------ Records
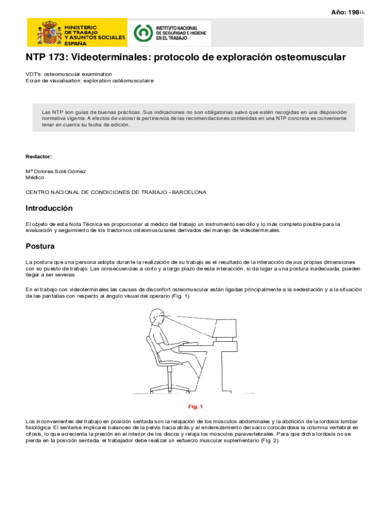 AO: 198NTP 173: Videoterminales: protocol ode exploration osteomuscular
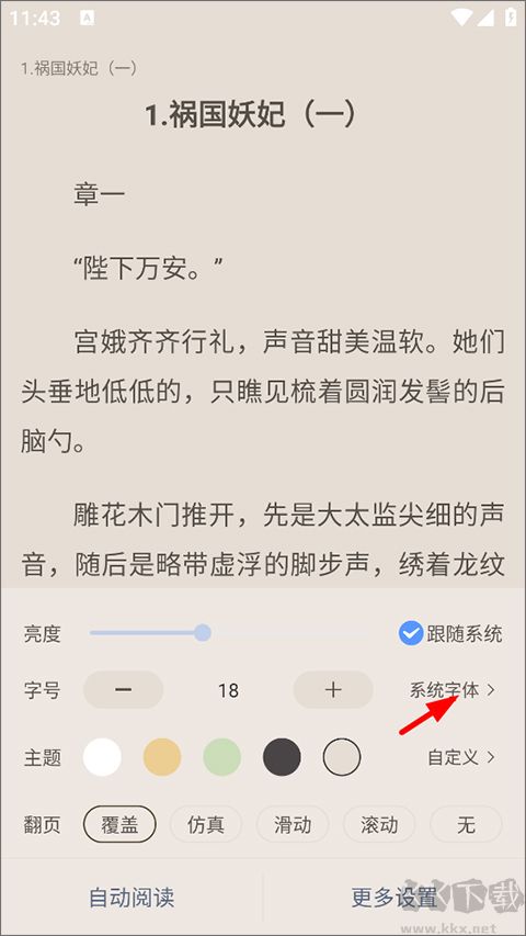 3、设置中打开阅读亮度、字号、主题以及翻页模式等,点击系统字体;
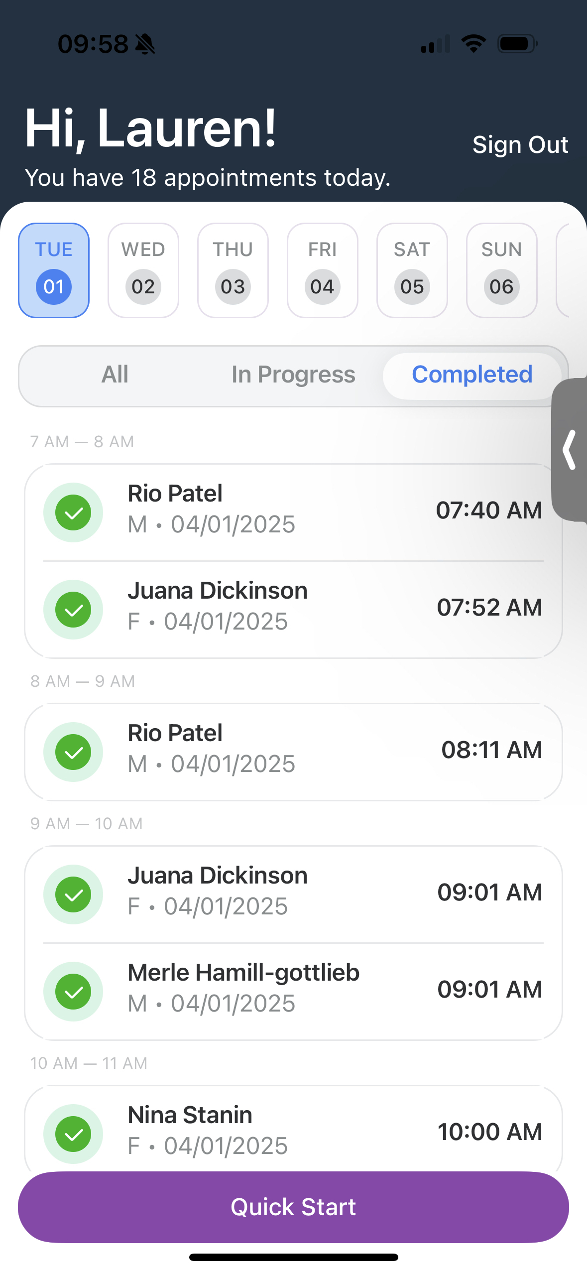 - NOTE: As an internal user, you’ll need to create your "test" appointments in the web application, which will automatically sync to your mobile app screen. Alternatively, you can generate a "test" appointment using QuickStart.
------------
------ Records
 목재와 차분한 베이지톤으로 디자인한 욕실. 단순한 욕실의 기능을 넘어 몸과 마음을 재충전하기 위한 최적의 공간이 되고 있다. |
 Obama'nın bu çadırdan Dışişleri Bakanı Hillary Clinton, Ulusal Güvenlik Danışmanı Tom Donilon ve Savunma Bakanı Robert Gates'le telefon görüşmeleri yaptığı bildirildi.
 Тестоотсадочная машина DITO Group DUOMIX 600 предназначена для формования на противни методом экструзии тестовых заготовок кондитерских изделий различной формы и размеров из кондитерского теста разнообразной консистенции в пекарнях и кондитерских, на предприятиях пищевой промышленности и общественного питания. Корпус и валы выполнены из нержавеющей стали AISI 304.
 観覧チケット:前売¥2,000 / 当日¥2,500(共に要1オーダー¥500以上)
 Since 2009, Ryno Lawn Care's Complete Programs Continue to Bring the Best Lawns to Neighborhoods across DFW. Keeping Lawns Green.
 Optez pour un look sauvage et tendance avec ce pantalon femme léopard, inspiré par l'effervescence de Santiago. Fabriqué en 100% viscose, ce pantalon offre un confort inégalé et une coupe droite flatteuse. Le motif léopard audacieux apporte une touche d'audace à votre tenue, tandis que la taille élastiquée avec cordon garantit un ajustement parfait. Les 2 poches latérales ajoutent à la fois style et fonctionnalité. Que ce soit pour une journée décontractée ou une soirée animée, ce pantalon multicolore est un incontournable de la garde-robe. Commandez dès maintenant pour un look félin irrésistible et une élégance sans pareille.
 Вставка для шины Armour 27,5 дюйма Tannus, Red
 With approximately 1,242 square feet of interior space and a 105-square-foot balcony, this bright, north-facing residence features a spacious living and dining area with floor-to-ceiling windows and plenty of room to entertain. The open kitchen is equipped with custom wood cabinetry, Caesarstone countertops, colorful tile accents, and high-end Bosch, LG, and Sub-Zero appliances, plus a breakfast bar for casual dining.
------------
Problem: Each line in the listing above from the one containing "Obama'nın bu çadırdan" through the one containing "Вставка для шины" should be repeated exactly, and no other line.

Result for this exercise:
 Obama'nın bu çadırdan Dışişleri Bakanı Hillary Clinton, Ulusal Güvenlik Danışmanı Tom Donilon ve Savunma Bakanı Robert Gates'le telefon görüşmeleri yaptığı bildirildi.
 Тестоотсадочная машина DITO Group DUOMIX 600 предназначена для формования на противни методом экструзии тестовых заготовок кондитерских изделий различной формы и размеров из кондитерского теста разнообразной консистенции в пекарнях и кондитерских, на предприятиях пищевой промышленности и общественного питания. Корпус и валы выполнены из нержавеющей стали AISI 304.
 観覧チケット:前売¥2,000 / 当日¥2,500(共に要1オーダー¥500以上)
 Since 2009, Ryno Lawn Care's Complete Programs Continue to Bring the Best Lawns to Neighborhoods across DFW. Keeping Lawns Green.
 Optez pour un look sauvage et tendance avec ce pantalon femme léopard, inspiré par l'effervescence de Santiago. Fabriqué en 100% viscose, ce pantalon offre un confort inégalé et une coupe droite flatteuse. Le motif léopard audacieux apporte une touche d'audace à votre tenue, tandis que la taille élastiquée avec cordon garantit un ajustement parfait. Les 2 poches latérales ajoutent à la fois style et fonctionnalité. Que ce soit pour une journée décontractée ou une soirée animée, ce pantalon multicolore est un incontournable de la garde-robe. Commandez dès maintenant pour un look félin irrésistible et une élégance sans pareille.
 Вставка для шины Armour 27,5 дюйма Tannus, Red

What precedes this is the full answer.